◆ **TASK DIRECTIONS**: In the records that follow, find the line containing "最后,李健處長為呼倫貝爾學(xué)院國防教育實踐團(tuán)授旗。" and the line containing "二、房屋租赁期为___止,年", then transcribe both and every line between them exactly, omitting pictures.

◆ **PROVIDED RECORDS**:
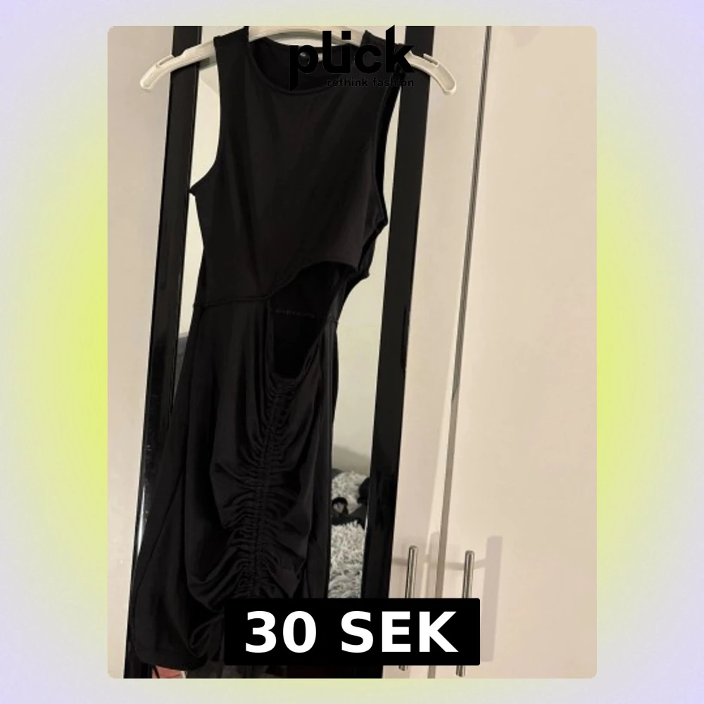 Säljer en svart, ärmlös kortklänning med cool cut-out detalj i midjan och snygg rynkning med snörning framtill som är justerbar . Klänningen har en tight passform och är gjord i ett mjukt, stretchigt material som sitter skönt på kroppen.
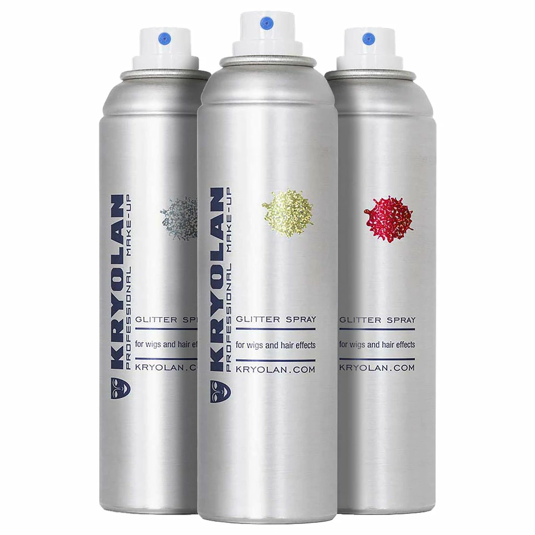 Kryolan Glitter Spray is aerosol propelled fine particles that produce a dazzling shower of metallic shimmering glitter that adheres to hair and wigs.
==
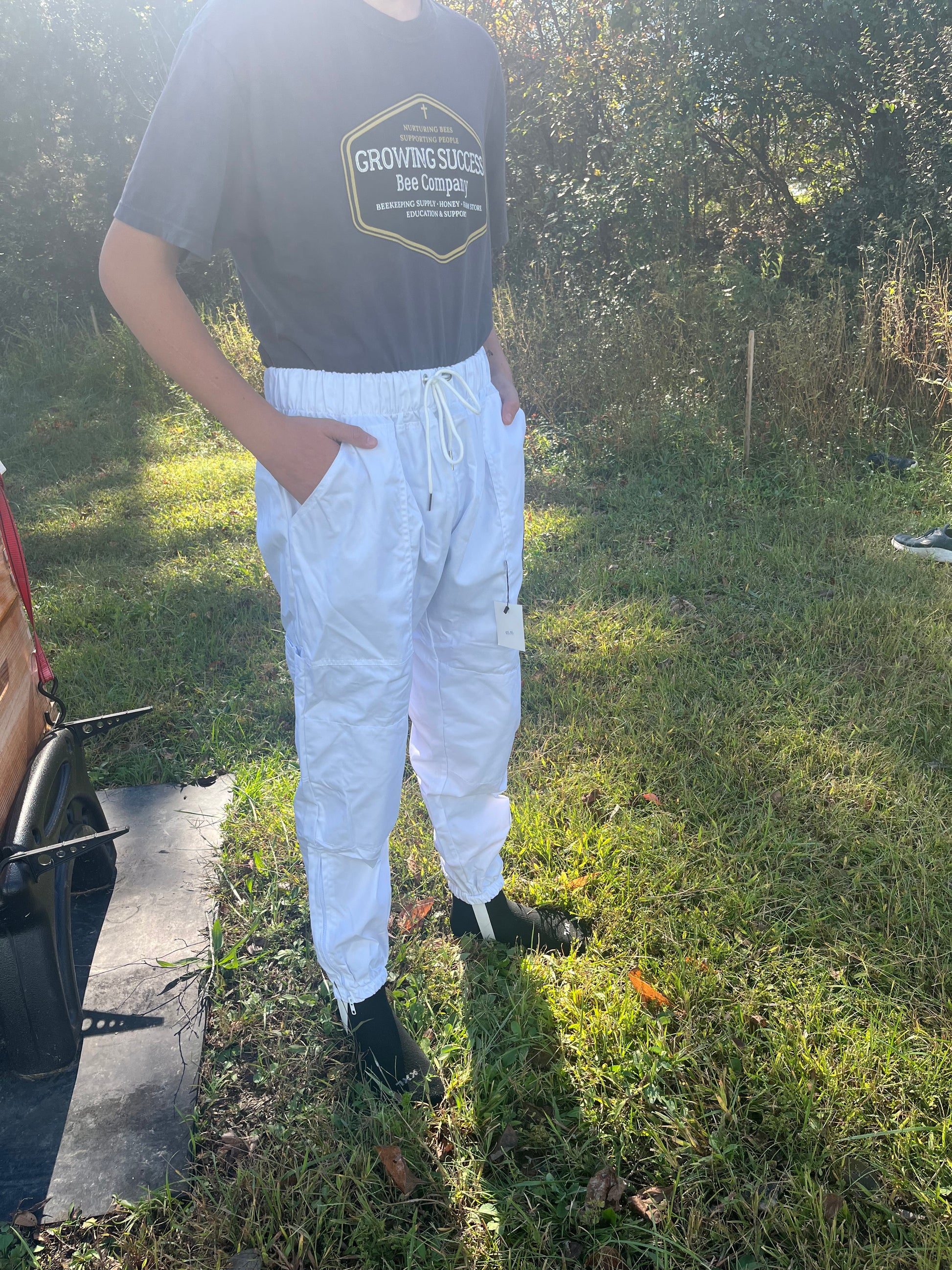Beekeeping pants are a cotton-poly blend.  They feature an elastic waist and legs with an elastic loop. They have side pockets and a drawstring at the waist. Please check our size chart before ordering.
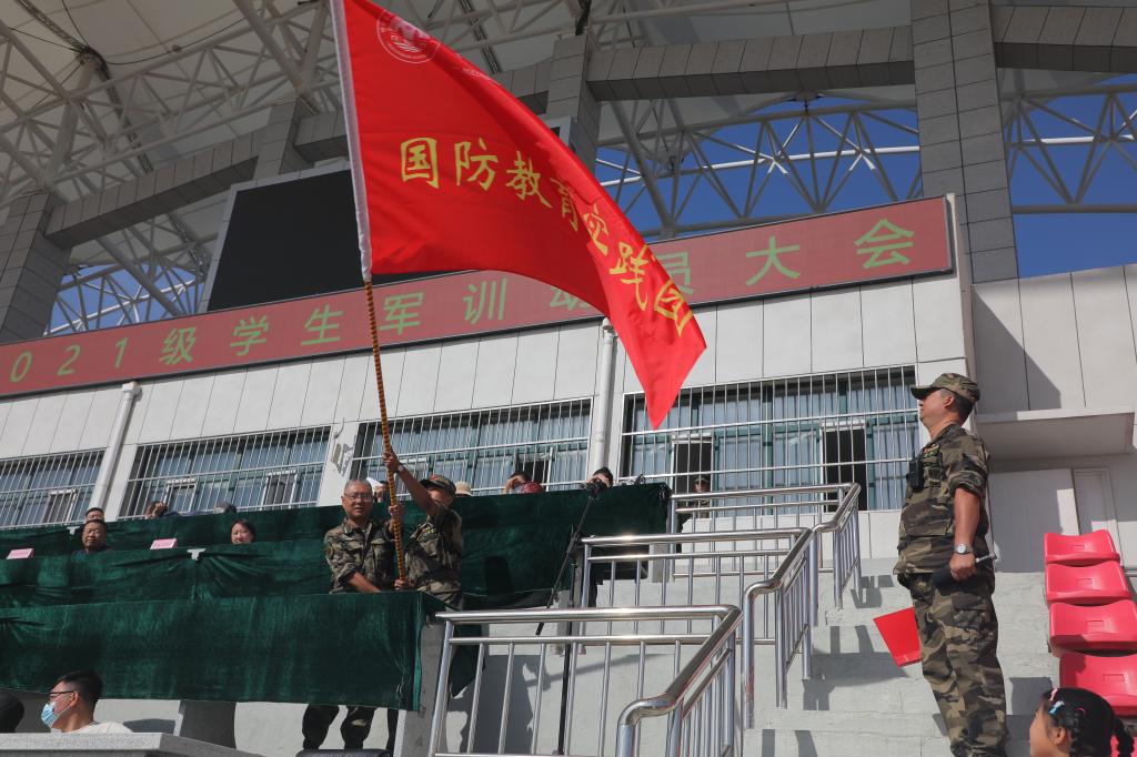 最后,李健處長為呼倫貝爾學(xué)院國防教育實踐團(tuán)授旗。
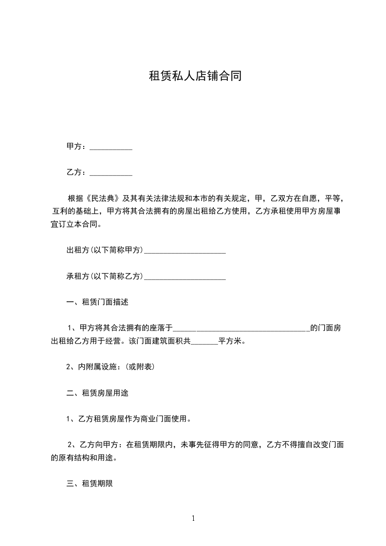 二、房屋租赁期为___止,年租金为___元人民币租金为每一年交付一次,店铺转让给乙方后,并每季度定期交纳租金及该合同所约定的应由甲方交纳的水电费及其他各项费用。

◆ **REPLY TO THE TASK**:
 最后,李健處長為呼倫貝爾學(xué)院國防教育實踐團(tuán)授旗。
 二、房屋租赁期为___止,年租金为___元人民币租金为每一年交付一次,店铺转让给乙方后,并每季度定期交纳租金及该合同所约定的应由甲方交纳的水电费及其他各项费用。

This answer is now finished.